## COLLECTED MATERIAL:

_ _ _

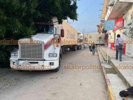 La mañana de este jueves, el conductor de un tráiler con doble caja causó diversos daños en la zona centro de este municipio, luego de perder el rumbo e ingresar por error a la avenida Pedro Belli y la calle Ignacio Allende.
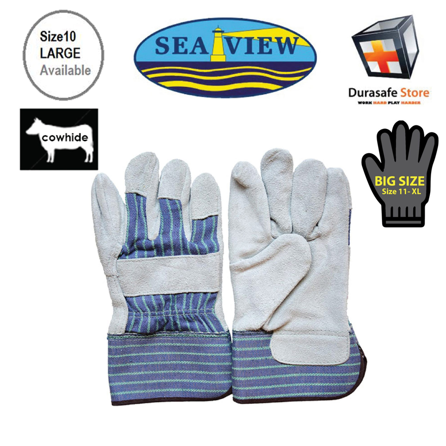 SEAVIEW™ GL10 10½” Cow Split Gray Leather Palm Glove Striped Cotton Back with 2½” Safety Cuff Size 9,10
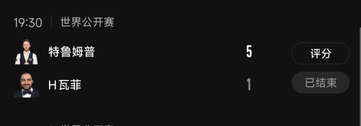 第六局,特鲁姆普莫得给敌手任何拖延的契机,上手后等于一杆闲散淋漓的113分,以本场比赛个东说念主的第三杆破百,为这场对决画上了一个完整的句号。最终,特鲁姆普以5-1的总比分,打败了本届赛事最大的黑马瓦菲,强势晋级四强。

_ _ _

## TRY IT:
Once the pictures are removed, copy the material above exactly.

## RESULT FOR THIS EXERCISE:
 La mañana de este jueves, el conductor de un tráiler con doble caja causó diversos daños en la zona centro de este municipio, luego de perder el rumbo e ingresar por error a la avenida Pedro Belli y la calle Ignacio Allende.
 SEAVIEW™ GL10 10½” Cow Split Gray Leather Palm Glove Striped Cotton Back with 2½” Safety Cuff Size 9,10
 第六局,特鲁姆普莫得给敌手任何拖延的契机,上手后等于一杆闲散淋漓的113分,以本场比赛个东说念主的第三杆破百,为这场对决画上了一个完整的句号。最终,特鲁姆普以5-1的总比分,打败了本届赛事最大的黑马瓦菲,强势晋级四强。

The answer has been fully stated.